YilinLiu97 commented 5 years ago

Hi, I found that the teacher model's weights seem to be not updated as it performed as bad as it was first initialized.

alpha = min(1 - 1 / (global_step + 1), alpha) for ema_param, param in zip(ema_model.parameters(), model.parameters()): ema_param.data.mul_(alpha).add_(1 - alpha, param.data)

Shouldn't this be ema_param.data.mul_(alpha).add_((1 - alpha)*param.data) ?

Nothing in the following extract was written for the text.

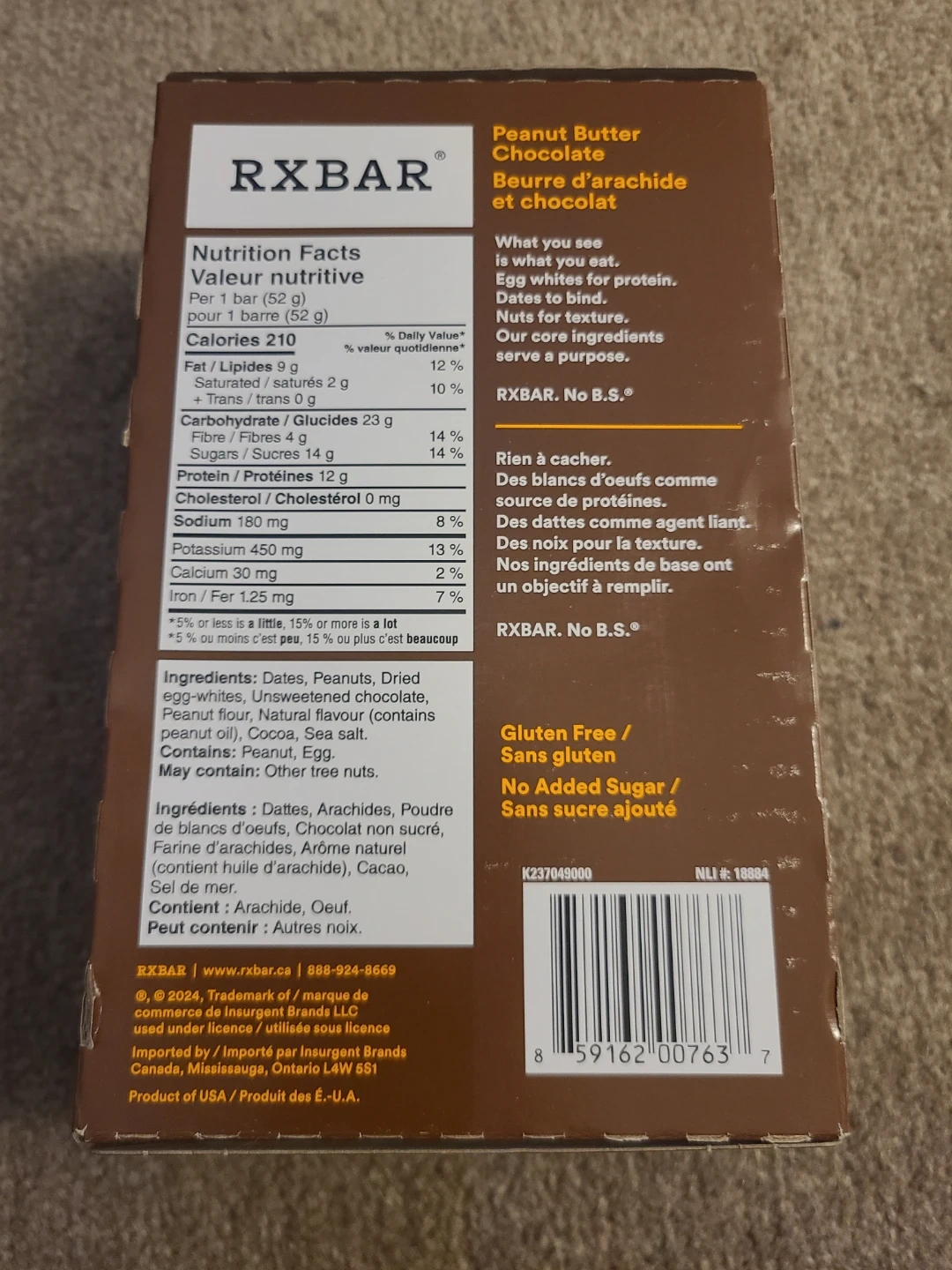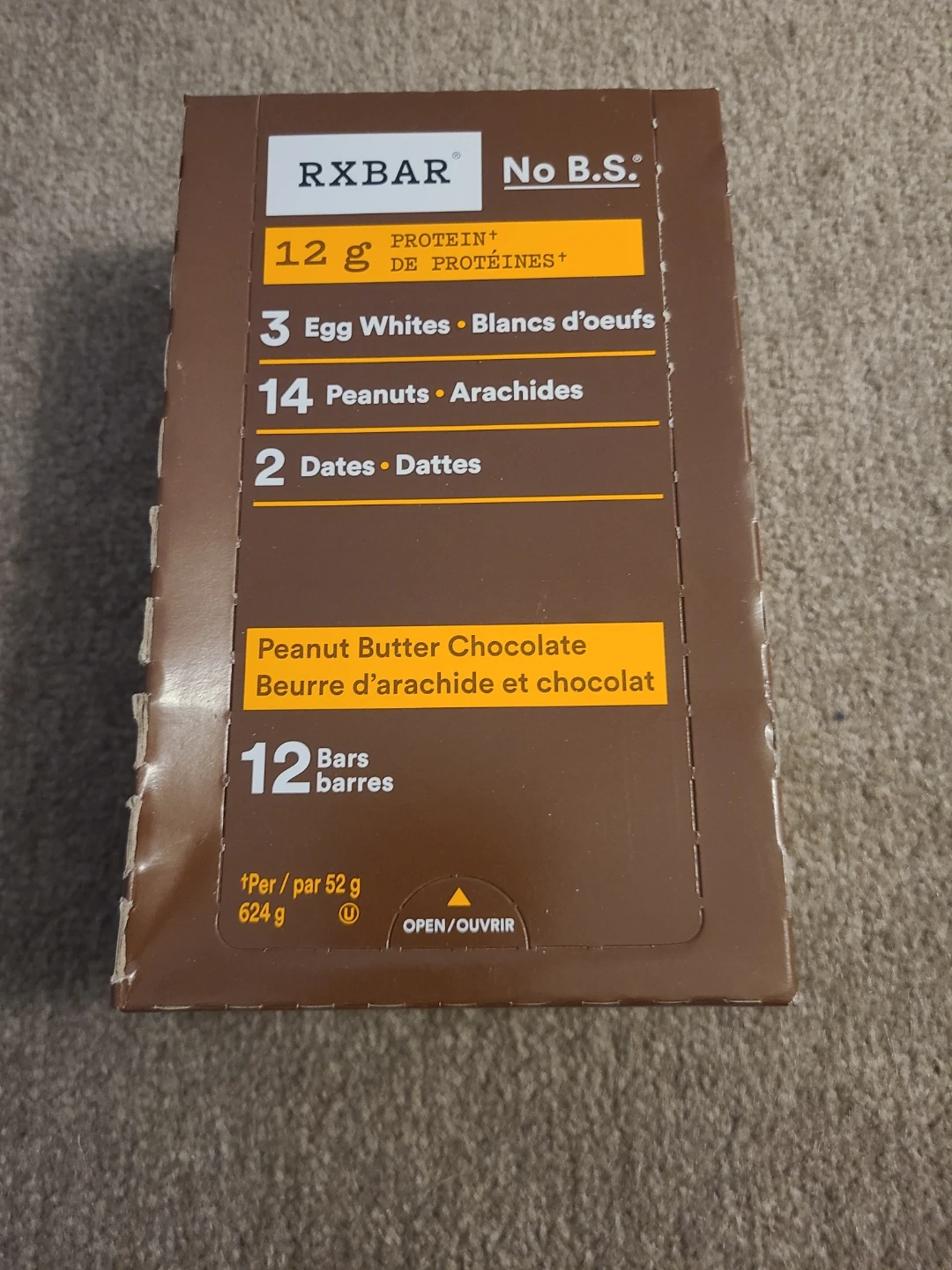 140Selling 4 boxes of RXBAR Peanut Butter Chocolate protein bars. Each box contains 12 bars, and each bar has 12g of protein. They're made with egg whites, dates, and nuts. The best before date is 2026 July 01

here are the parameters printed out during training: ('teacher_p: ', Parameter containing: tensor([ 0.0007, -0.0006, 0.0046, -0.0033, 0.0004, 0.0262, 0.0153, -0.0259, -0.0115, -0.0015, -0.0117, -0.0060, 0.0161, 0.0104, 0.0080, -0.0015, -0.0116, -0.0160, 0.0247, -0.0227, 0.0077, 0.0052, 0.0217, 0.0111, -0.0036, -0.0176, -0.0188, 0.0026, -0.0163, 0.0155], device='cuda:0')) ('student_p: ', Parameter containing: tensor([-0.0322, -0.0153, 0.0206, -0.0212, -0.0274, 0.0293, 0.0225, -0.0279, -0.0272, -0.0282, -0.0272, -0.0261, 0.0275, 0.0261, 0.0274, -0.0251, 0.0014, -0.0285, 0.0296, -0.0296, 0.0105, -0.0209, 0.0123, 0.0227, -0.0162, -0.0081, -0.0079, -0.0233, -0.0145, 0.0030], device='cuda:0', requires_grad=True)) ('(after) teacher_p: ', Parameter containing: tensor([ 0.0007, -0.0006, 0.0046, -0.0033, 0.0004, 0.0262, 0.0153, -0.0259, -0.0115, -0.0016, -0.0117, -0.0060, 0.0161, 0.0104, 0.0080, -0.0015, -0.0116, -0.0160, 0.0247, -0.0227, 0.0077, 0.0052, 0.0217, 0.0111, -0.0036, -0.0176, -0.0187, 0.0026, -0.0163, 0.0155], device='cuda:0'))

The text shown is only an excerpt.